Stata Assignment Help


Get custom writing services for Stata Assignment help & Stata Homework help. Our Stata Online tutors are available for instant help for Stata assignments & problems.
Our online STATA assignment help tutors are available 24/7 for students struggling with complex STATA problems. Get the 24/7 help & complete solutions for STATA assignments . 
  • Stata and data management
  • Data visualisation through stata
  • Analysing panel data in stata
  • Visualizing regression models using stata
  • Interpreting and Visualizing Regression Models Using Stata
It can be used for Windows, UNIX & also for Mac computers. Topics for Assignment help include :
  • Bayesian analysis : Graph , built-in models , custom models , Adaptive Metropolis–Hastings , Gibbs sampling , Convergence diagnostics ,Posterior summaries , Hypothesis testing , Model comparison
  • IRT (item response theory) : Binary response models—1PL, 2PL, 3PL , Ordinal response models—graded response, partial credit, rating scale graph ,Nominal response model , Hybrid models , Item characteristic curves , Test characteristic curves , Item information function
  • Unicode : Data , Variable and value labels ,Variable names
  • Integration with Excel : dialog box , Cell formatting , Font formatting , Insert Stata graphs ,Create cell formulas
  • Treatment effects : dialog box , Survival outcomes , Endogenous treatments , Balance diagnostics and tests ,Sampling weights
  • Multilevel survival models : graph , Random effects , Crossed effects , Two, three, higher level , Right censoring ,Exponential, Weibull , Survey data
  • Multilevel models : graph , Survey data , Multilevel sampling weights , Survival models , Denominator degrees of freedom ,Marginal predictions, means, effects
  • SEM (structural equation modeling) : SEM path diagram , Satorra–Bentler adjustments , Survival models , Survey data , Multilevel weights ,Marginal predictions, means, effects
  • Power and sample size : pss , Contingency tables , Cochran–Mantel–Haenszel test ,Test for trend , Matched case–control studies ,Survival analysis
  • Markov-switching models : Graph , Autoregressive model , Dynamic regression model , State-dependent parameters , Transition probabilities ,State membership probabilities
  • Survey statistics : Graph , Multilevel models , Survival models , SEM (structural equation modeling) ,Multistage/multilevel weights
  • Panel-data survival models : Graph , Random effects (intercepts) , Random coefficients , Right-censoring ,Exponential, Weibull, Survival graphs
  • Fractional outcome regression :Graph , Fractions, proportions, Beta regression , Probit and logit , Heteroskedasticity ,Odds ratios
  • Marginal means and marginal effects : Graph , Multiple outcomes , Multiple equations , Integrate over random effects ,Integrate over latent variables 

EViews Assignment Help


Get custom writing services for EViews Assignment help & EViews Homework help. Our EViews Online tutors are available for instant help for EViews assignments & problems.
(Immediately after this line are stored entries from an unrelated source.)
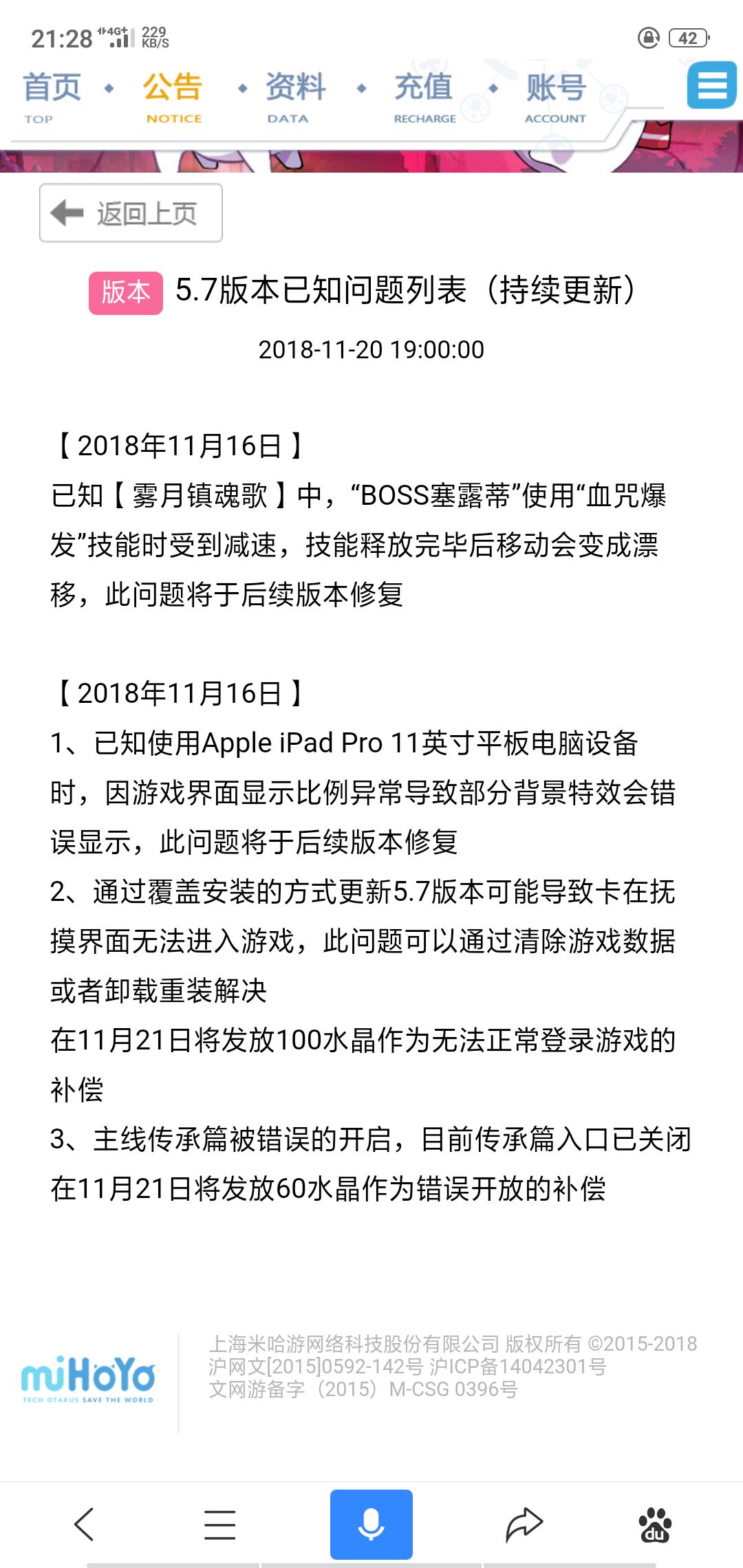 5.7版本已知问题列表(来自MIHOYO)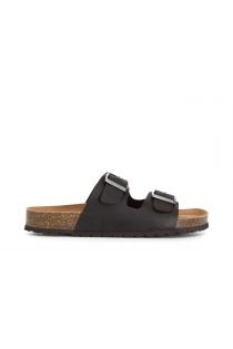 lederpantoletten mit zwei riemen dark brown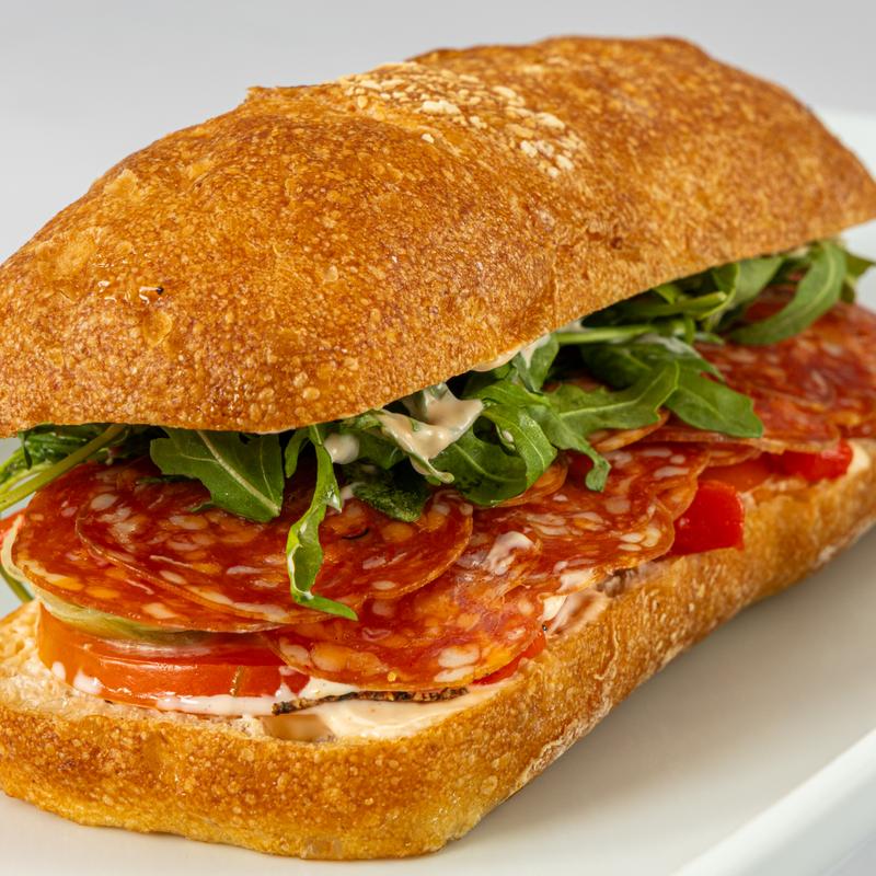 Spicy Aioli, Salami Calabrese, Tomato, Mozzarella, Marinated Bell Pepper, Arugula, Artichoke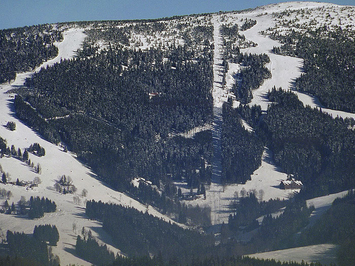 VYSOKÉ NAD JIZEROU (auf deutsch Hochstadt an der Iser) liegt im westlichen Teil vom Riesengebirge und hat ein eigenes Skigebiet „Vetrov“ mit einem wunderschönen Blick von der oberen Liftstation mit Restaurant und Buffet auf die Berge Lysá hora, Kotel, Cerná hora(Schwarzer Berg) und die Snezka(Schneekoppe/H:1602m). Das Skigebiet Vetrov ist vor allem für Familien mit Kindern, fortgeschrittene sowie anfangende Skifahrer bzw. Snowboardfahrer bestimmt. Der Ort liegt nur 5,2km von Jablonec nad Jizerou mit eigenem kleinem Skiareal am Nordhang und 9,7 km südöstlich vom Wintersportort "Rokytnice nad Jizerou" entfernt. Der Ort entstand in der ersten Hälfte des 14. Jahrhunderts und war ein zentraler Handelsplatz nicht zuletzt da in der Umgebung Gold und andere Metalle gefördert wurden. Außerdem entstand später eine Glashütte. Das Skigebiet Vetrov ist vor allem für Familien mit Kindern, fortgeschrittene sowie anfangende Skifahrer bzw. Snowboardfahrer bestimmt. Skiverleih und Skischule sind an der Liftstation vorhanden. FAKTEN ZU ROKYTNICE N. JIZEROU WINTERSPORT: SKISAISON: DEZEMBER - MÄRZ Höhe: 543 - 1312 m Kunstschnee: ja Nachtski: ja Lifte und Seilbahnen Rokytnice n. Jizerou Sessellift: 2 Schlepplift: 24 Kapazität: 16695 Personen / Stunde Pisten: 21(15 km ges.) davon mittel: [rote Pisten Skigebiet Mlade Buky] 1 leicht: [blaue Pisten Skigebiet Mlade Buky] 9 Längste Piste: 3,2 km Extras Loipe/Crosscountry: 90 km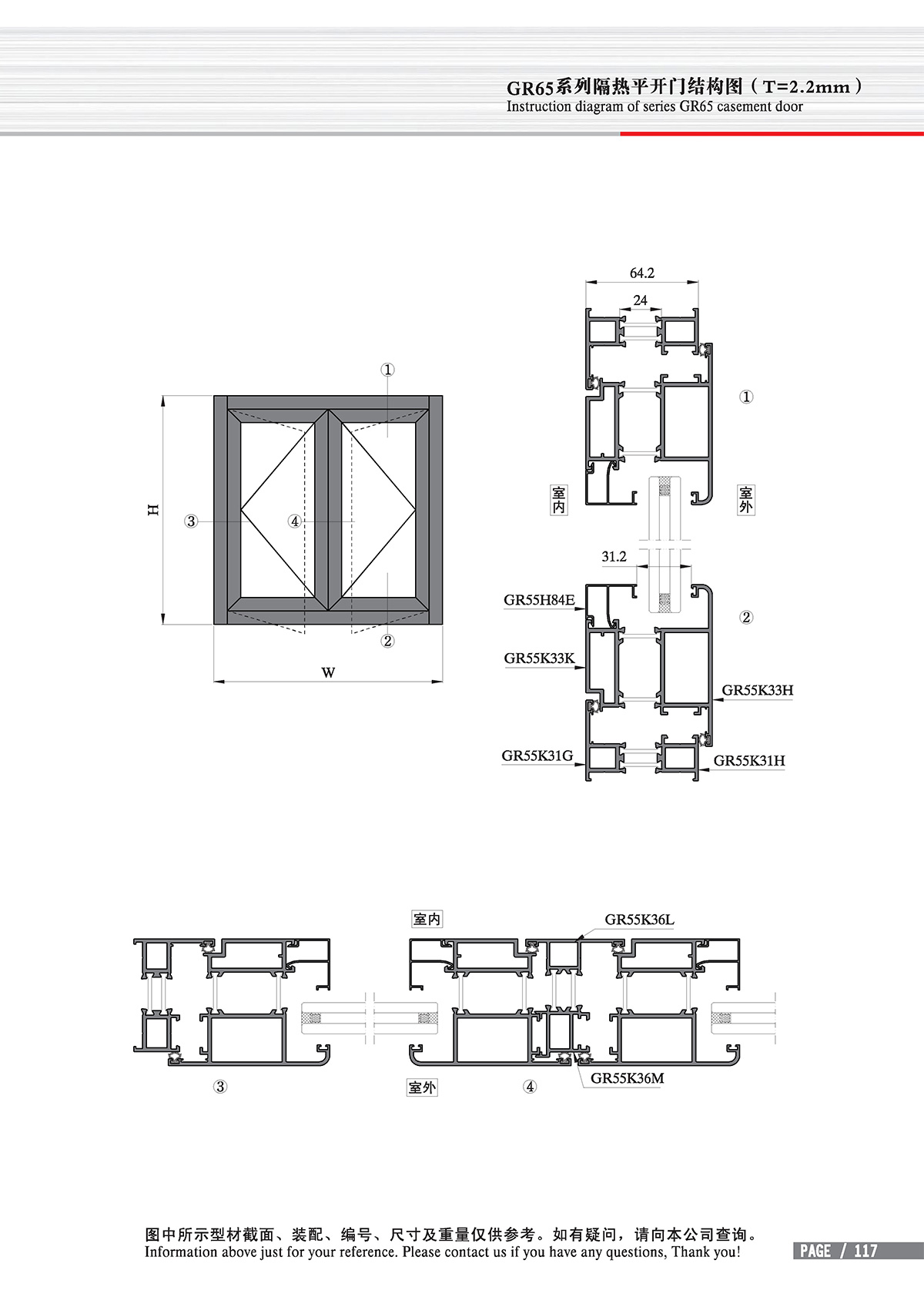 Inicio - Centro de productos - Aislamiento térmico - new GB standard Thermal-break - Casement door sections GR55/60/65 series

Eviews9 offers academic researchers, corporations, government agencies, and students access to powerful statistical, forecasting, and modelling tools through an innovative, easy-to-use object-oriented interface
EViews is a software package which provide tools for data analysis, regression, and forecasting. EViews has an object-oriented design.  Each type of object has specific ‘views’ and procedures that are used in Eviews. We help with below mentioned topics.
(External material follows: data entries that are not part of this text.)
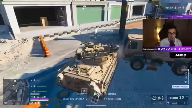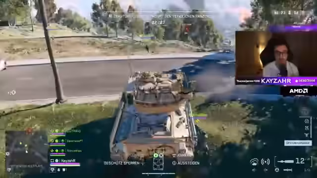 01:51:42Das Duo versucht, einen Panzer zu klauen oder zu zerstören. Der Streamer wirft eine Bombe auf den Panzer, verfehlt ihn aber. Es kommt zu einem taktischen Chaos, in dem der Panzer sie angreift und der Streamer letztendlich stirbt, weil er sich nicht rechtzeitig aufstellen konnte. Die Situation wird als 'Arsch-Panzer' beschrieben und sie entscheiden sich, darauf zu verzichten, stattdessen wegzurennen und die Mission abzubrechen.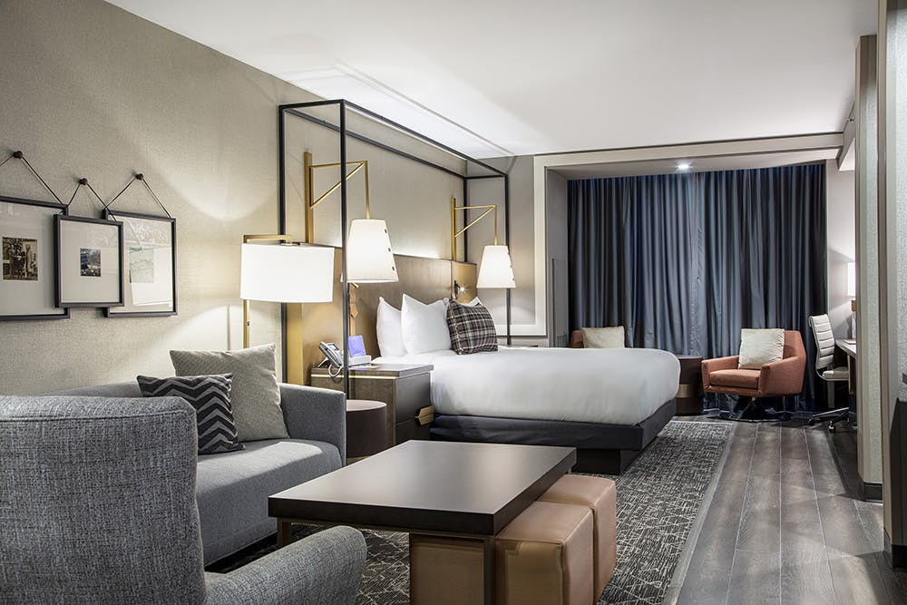 Perched along the banks of the Mississippi River, Hyatt Centric Beale Street is a 227 room hotel and conference center nestled within a vibrant neighborhood known for its historic music entertainment district, historic landmarks and southern hospitality. Located at the intersection of music history on Beale Street, Memphis industrial history on Front Street and the Mississippi River, the Centric property is influenced by the unique juxtaposition of ideas and concepts related to a site which influenced the design. The musically inspired ideas of flow, pitch, meter, rhythm, sound, repetition, vibration, and resonance are found throughout the design. The original 1878 Ellis Machine Shop buildings were repurposed for the hotel’s event, conference, and meeting space. Designers honored the inimitable history of the former blacksmith shop by integrating the structures into the overall property and referencing the building and its original use throughout the hotel’s interior design and detailing. The Beck and Call lounge provides a 360-degree view of the city and river from the rooftop. The design emotes pure Southern spirit inspired by the amber color of whiskey, glass whiskey bottles and whiskey barrels.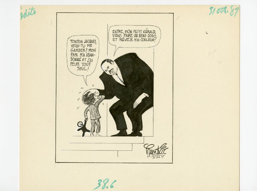 "Tonton Jacques, veux-tu me garder? Mon papa m'a abandonné et j'ai peur tout seul!" "Entre, mon petit Gérald, viens faire un beau dodo et rêver en couleur!"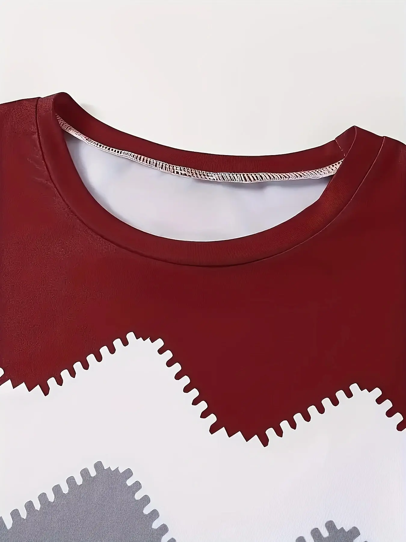Women's Striped Patchwork Casual Two-Piece Set, Spring & Fall Fitted Round Neck Short Sleeve Top and Long Pants, Womenswear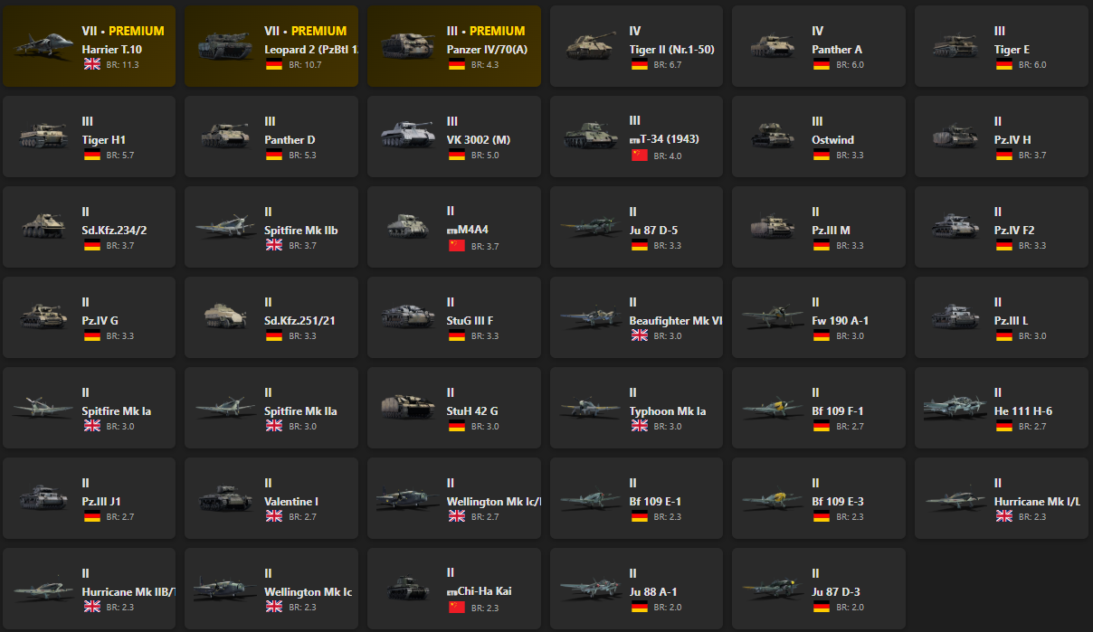 VII - 2 Harrier T.10, Leopard 2 (PzBtl 123), Panzer IV/70(A), Tiger II (Nr.1-50), Panther A, Tiger E, Tiger H1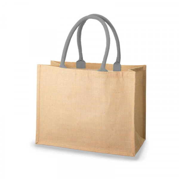 Material: 100% Jute Farbe: natur Größe: ca. 33x42 cm Boden- und Seitenfalte: ca. 19 cm Ausführung: 2 lange Henkel (ca. 60 cm), grau Zertifikate: Oeko-Tex Standard 100, LFGB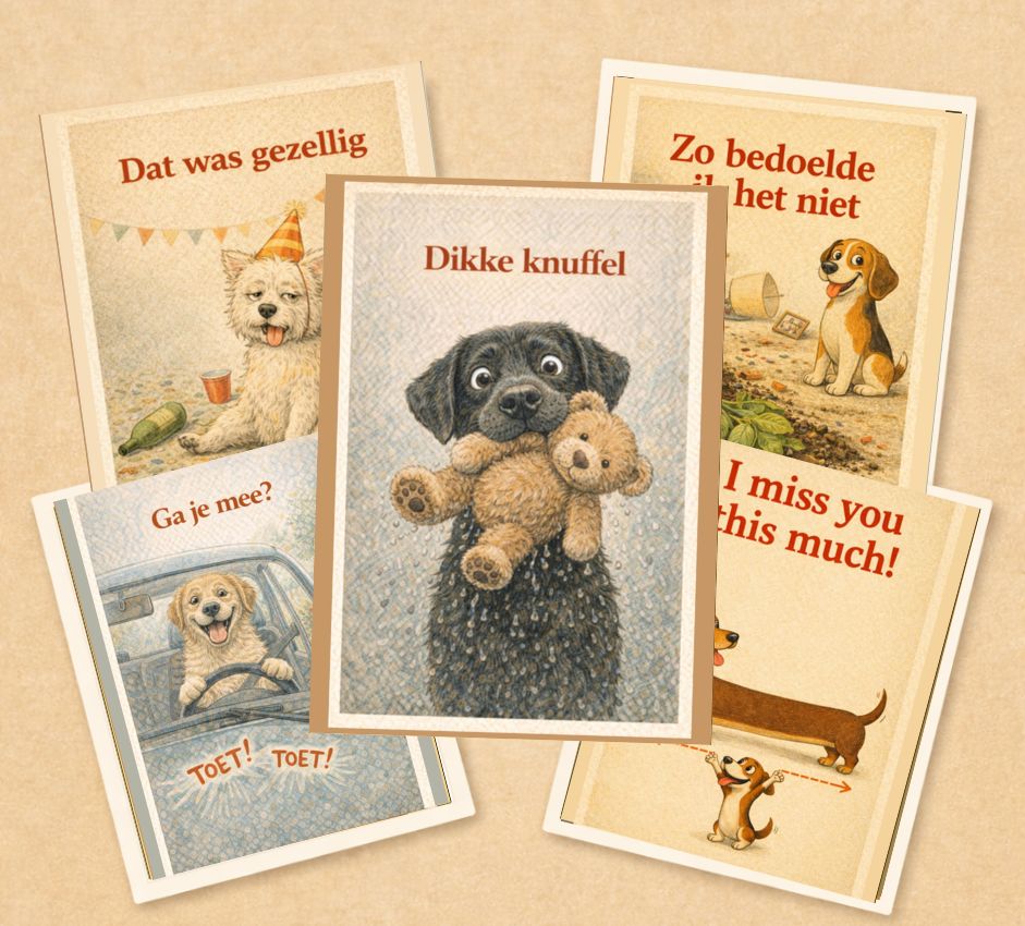 Deze set combineert vijf geliefde Keetjes-ansichtkaarten met verschillende sferen: lief, luchtig, speels en oprecht. Zo heb je voor bijna elk moment een kaart die past — zonder te hoeven zoeken.

  • Forecasting & macroeconomic modelling using eviews
  • Eviews for time series forecasting
  • Estimation and forecasting using a single time series
  • Stationarity and forecasting
  • Dealing with non-stationary time series
  • Estimation and diagnostic testing
  • Cointegration
  • Testing for cointegration
  • Vector autoregressions
  • Estimating var models and using the johansen test
  • Setting up a model and generating forecasts and simulations
  • Constructing a model
Online EViews Assignment help experts help with topics like Entering Data from a Spreadsheet , Importing Data Files directly into EViews, Multiple Regression Model , Data Transformations , Time series data.